一种接收传输时间间隔数据的用户设备。该传输时间间隔数据使用自适应的调制和编码。所述用户设备具有一种物理层混合自动重复请求机制,以用于所接收的传输时间间隔数据。该用户设备包括耦合一根天线的接收器。该接收器接收传输时间间隔数据。该传输时间间隔数据有多个传输块设置且使用第一种规定的调制和编码机制来发送。接收器接收至少一个重传的传输块设置。该重传的传输块设置使用第二种不同的规定的调制和编码机制来发送。一个混合自动重复请求解码器耦合至该接收器,并确定是否各传输块设置的数据符合规定的质量。该混合自动重复请求解码器将该至少一个重传的传输块设置与对应的先前接收的传输块设置结合。当规定的质量未得到满足时,一个自动重复请求发送器发送一个重复请求。

Description

使用混合自动重复请求用于传输块设置传送的用户设备
技术领域
本实用新型一般涉及无线电通信系统。具体来说,本实用新型涉及这些系统中的数据传输,在这些系统中,使用自适应调制和编码(AMC)和混合自动重复请求(H-ARQ)技术。
背景技术
在无线电通信系统中,比如使用码分多址(CDMA)或正交频分复用(OFDM)系统的第三代合作伙伴项目(3GPP)时分双工(TDD)或频分双工(FDD)通信系统中,使用AMC来优化对空中资源的使用。

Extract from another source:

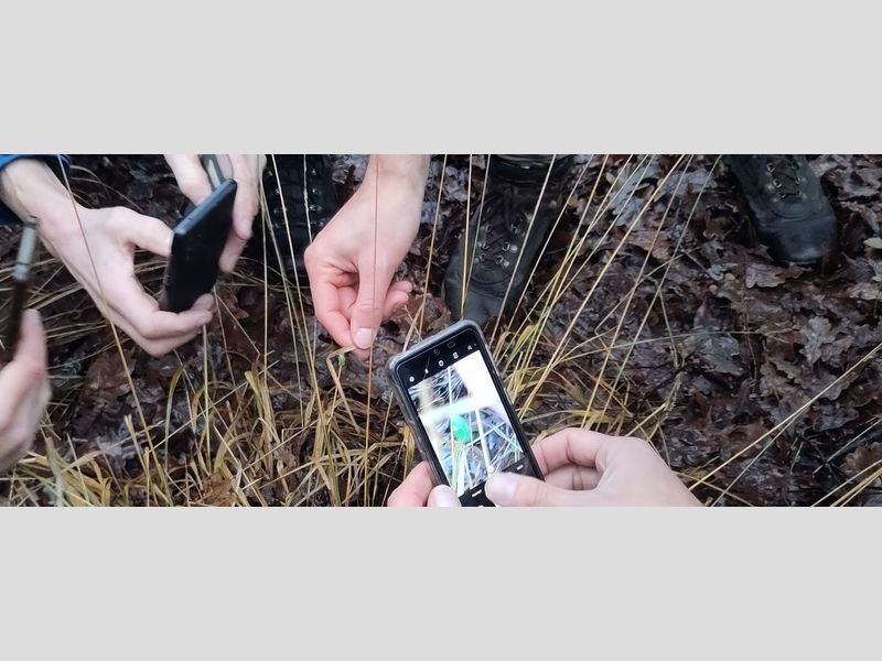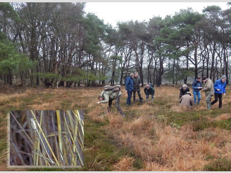 Na dit intermezzo gingen we lekker het veld in op zoek naar vlinders en libellen. Aangezien het midden december is verwacht je niet zoveel, maar als je weet wat en hoe je moet zoeken is er wel degelijk van alles te beleven. Zo ging er een groep met Menno Venema (De Vlinderstichting) op pad om de eitjes van de sleedoornpage te zoeken. Deze zeldzame vlinder komt maar op één plek in Drenthe voor en dat is in Zuidwolde. Het kostte flink wat zoekwerk, maar uiteindelijk werden twee eitjes gevonden.

用以传递数据的调制和编码方案(设置)依据无线电信道条件而有所不同。举例说,某种误码(如Turbo-卷积编码)、编码速率、CDMA系统的扩频因子、调制类型(如正交相移键控-M-ary正交调幅)、和/或OFDM系统的加/减副载波都可以改变。如果信道特性增强,就使用较低的数据冗余性和/或“次强健”的调制和编码设置传送数据。从而,在无线电资源的给定配置上,传送更多用户数据,以获得更高的有效数据速率。相反地,如果信道特性降低,就使用较高数据冗余性的“更强健”的调制和编码设置来传送较少的用户数据。使用AMC,可以更好的保持空中资源利用和服务质量(QOS)之间的最优化。
在这样的系统中接收到的数据通过空中接口(air interface)在传输时间间隔(TTIs)里传送。传送到一个特殊用户设备的一个传输时间间隔里的数据即称为传输块设置(transport block set,TBS)。在一个特殊的空中资源的配置中,一个次强健的调制和编码设置容许较大的TBS容量而更强健的调制和编码设置则只容许较小的TBS容量。作为结果,给定无线电资源分配的调制和编码设置规定在给定传输时间间隔中可以支持的传输块设置的最大容量。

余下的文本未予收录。